Only the pictures are to be left out; return the rest of the data exactly as it stands.

:: PROVIDED DATA ::

• • • • •

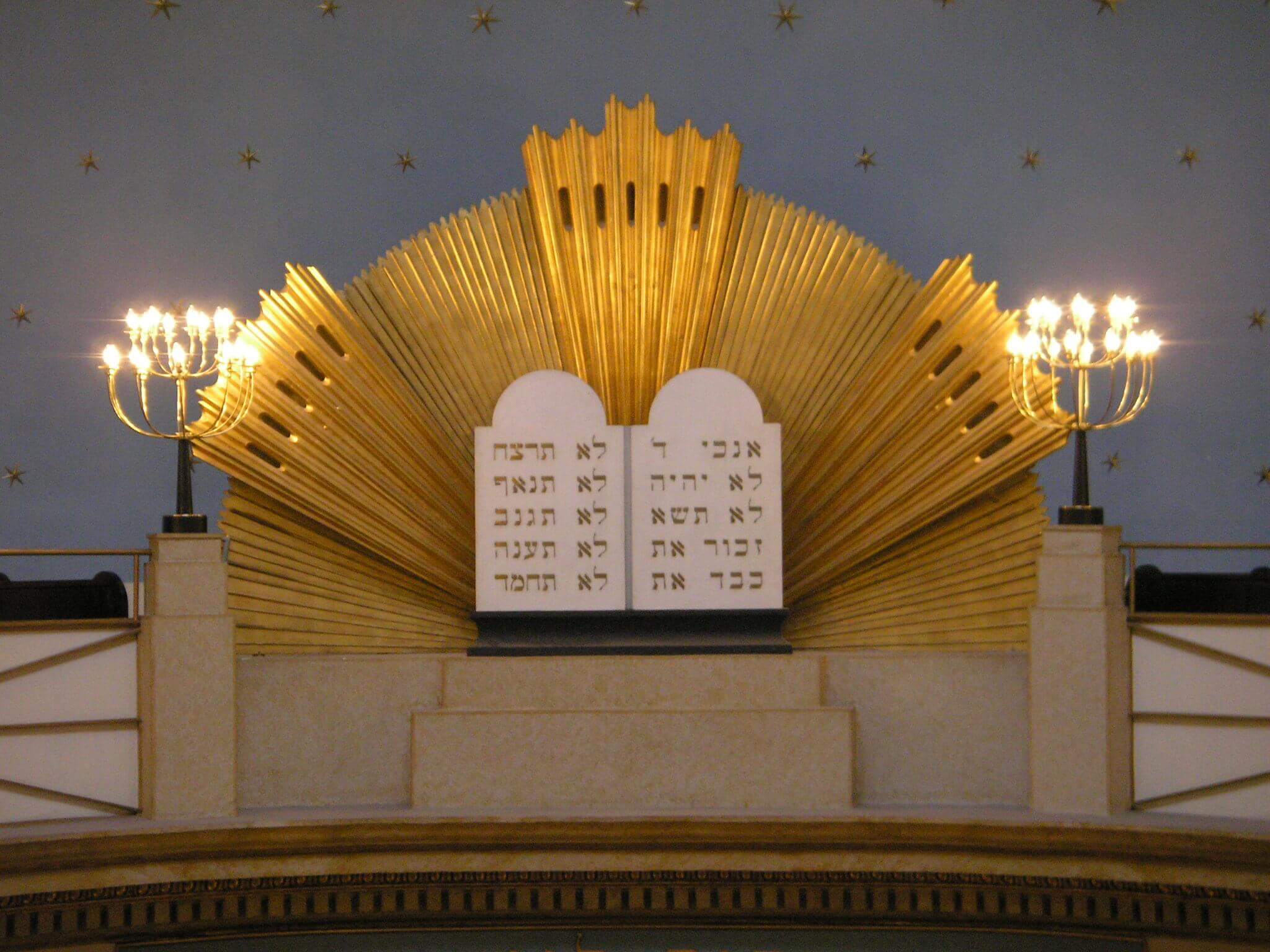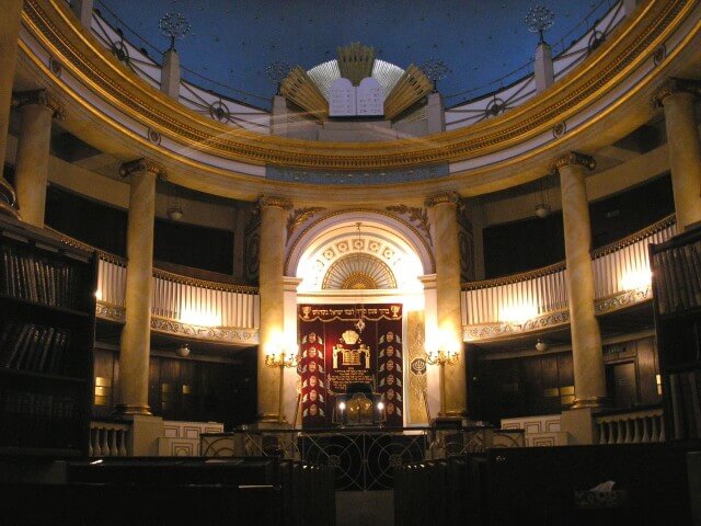 The interior is designed in the classic shape of a traditional synagogue. Here, under a narrow dome supported by columns, there is a gilded altar, the main pulpit and the commandments.
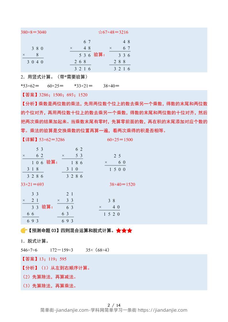 所 【预测命题 03】四则混合运算和脱式计算。真食胡
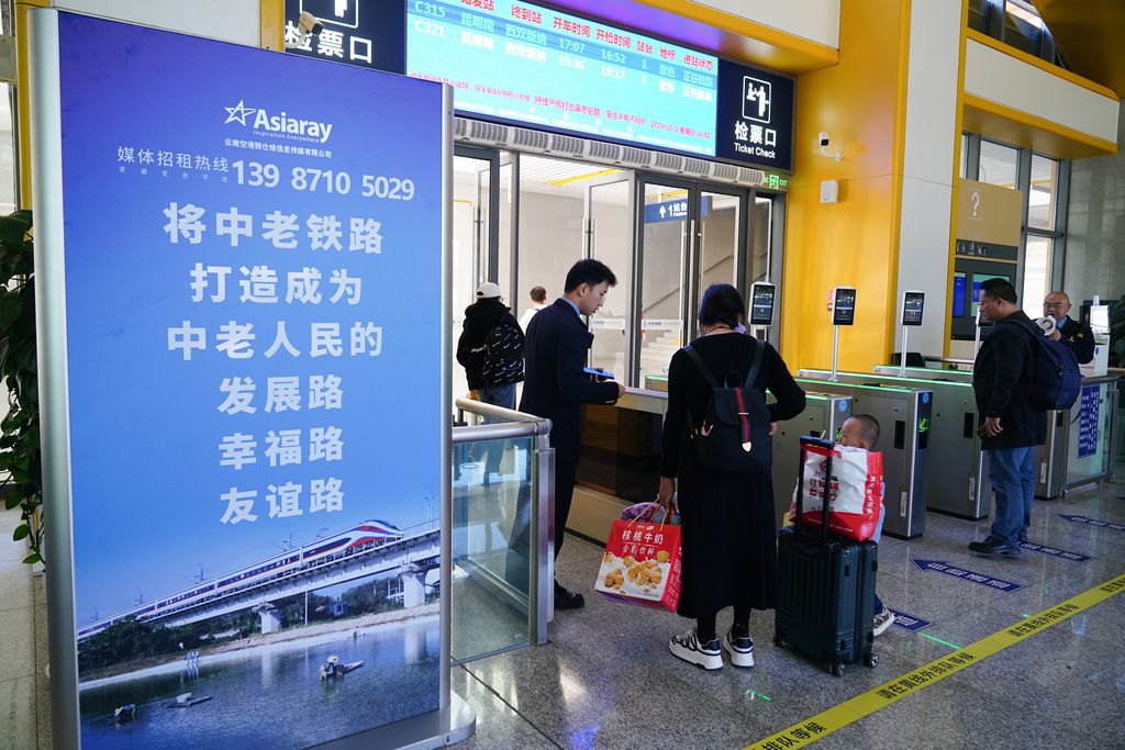 2024年12月3日,中老铁路开通运营三周年。这条铁路北起中国昆明,南至老挝万象,全长1035公里。三年来,中老铁路累计发送旅客超4300万人次、运输货物4830万吨,为促进区域互联互通和沿线经济发展作出重要贡献,已成为中国与南亚东南亚经贸合作的重要桥梁。图为12月1日,云南玉溪,旅客在中老铁路化念站乘车。 中新社记者 刘冉阳 摄

• • • • •

:: SOLUTION BELOW ::
 The interior is designed in the classic shape of a traditional synagogue. Here, under a narrow dome supported by columns, there is a gilded altar, the main pulpit and the commandments.
 所 【预测命题 03】四则混合运算和脱式计算。真食胡
 2024年12月3日,中老铁路开通运营三周年。这条铁路北起中国昆明,南至老挝万象,全长1035公里。三年来,中老铁路累计发送旅客超4300万人次、运输货物4830万吨,为促进区域互联互通和沿线经济发展作出重要贡献,已成为中国与南亚东南亚经贸合作的重要桥梁。图为12月1日,云南玉溪,旅客在中老铁路化念站乘车。 中新社记者 刘冉阳 摄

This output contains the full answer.